LHG |As duas coisas são perfeitamente conciliáveis. Você só valoriza o dia de hoje se lembra onde quer chegar com ele, qual o sentido de vivê-lo. Então o propósito é um referencial de direção para viver o presente. E o propósito está ali, é o ideal humano, e de vez em quando eu olho para ele para não me perder. Gosto muito do que diz o escritor grego do século 19, Konstantínos Kaváfis, no poema “Ítaca”. Ele fala de viajar para Ítaca, mas em nenhum momento tem ansiedade para chegar. Ele curte cada parada da viagem, passa nos mercados, conhece os sábios. Ítaca não promete nada, só uma boa viagem, no fim ela é só uma ilha pedregosa.
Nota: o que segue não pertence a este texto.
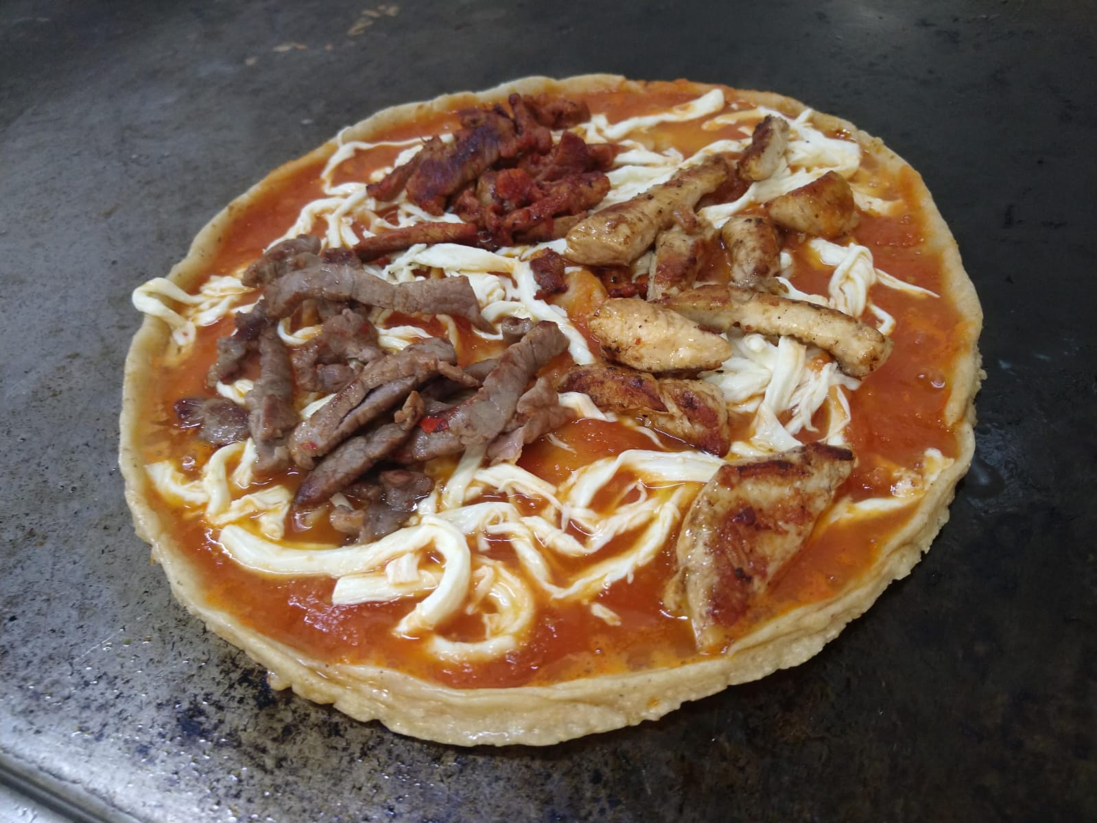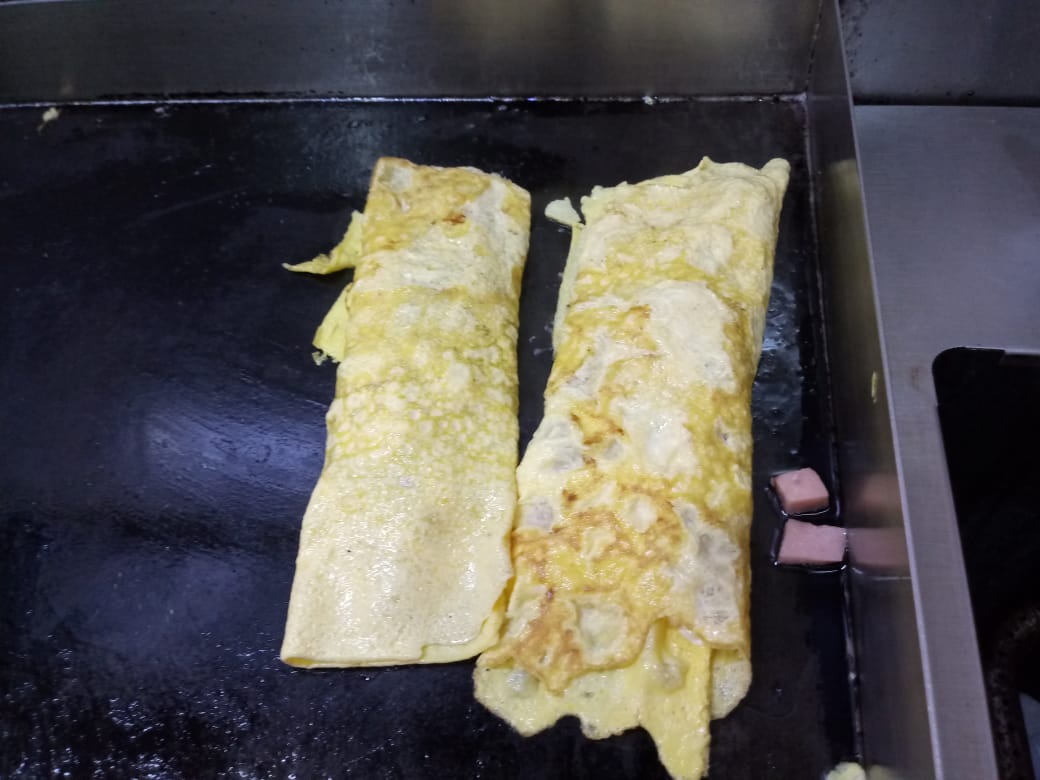 Huevos revueltos a La plancha relleno de queso de hebra y proteina a elegir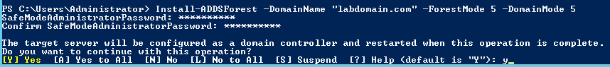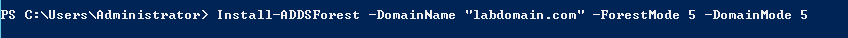 Install-ADDSForest -DomainName "labdomain.com" -ForestMode 5 -DomainMode 5
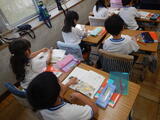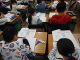 4-2は国語です。「未来につなぐ工芸品」で初め・中・終わりの説明文の構造について確認しています。毎年。繰り返し出てくる説明文。少しずつ違う構造で書かれていますが、今回はどんな構造でしょうか。2-3は算数です。九九の前半の学習がおわろうとしています。まとめの問題に取り組んでいます。書いて解くだけでなく、九九の暗唱も頑張ってほしいです。1-2は国語です。「じどう車くらべ」の書き方を調べています。働く車の「しごと」を紹介し、「そのために」という言葉で「つくり」につなげています。どの段落にも「そのために」という言葉があることに気づいています。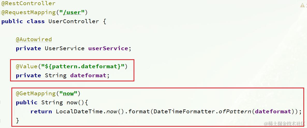 在user-service服务中,添加一个类,读取patterrn.dateformat属性:
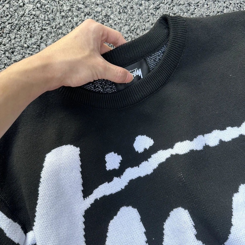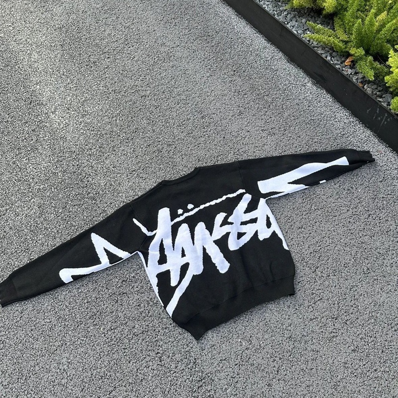 ブランド名: ユニセックス ステューシー風カジュアルニット ブラック × ホワイト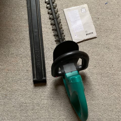 Bosch AHS 45-16 hækklipper med en klinge på 45 cm. Elektrisk drevet med ledning, velegnet til beskæring af hække og buske. Sort og blå farve, ergonomisk håndtag for bedre greb under brug.

Mas é uma referência de direção para ele não se perder.
G |Qual a relação entre propósito e foco?
LHG |Ter foco deve ser um dos maiores problemas do nosso tempo, somos desdobrados de uma madeira viciosa. Dificilmente estamos com a mente no mesmo lugar que o nosso corpo. As coisas passam diante de nós e não vemos, porque estamos em outro lugar. Propósito nos ajuda também a curar a dispersão, porque temos algo que nos concentra. O propósito chama para aterrissar e tomar as rédeas da vida. Ajuda demais a recuperar o foco e a colocar a consciência no momento que estamos vivendo. Foco e propósito são uma parceria maravilhosa.
G |Propósito traz felicidade?
LHG |Nossa natureza humana anseia por vir ao mundo, e realizá-la nos traz grande felicidade. A felicidade vem de darmos passos reais em relação a ela, e ter propósito te permite isso. O cultivo de valores humanos também traz qualidade de vida, porque vai te deixando em maior harmonia com o mundo ao redor. Traz a paz de saber que você está deixando rastros de humanidade por onde passa.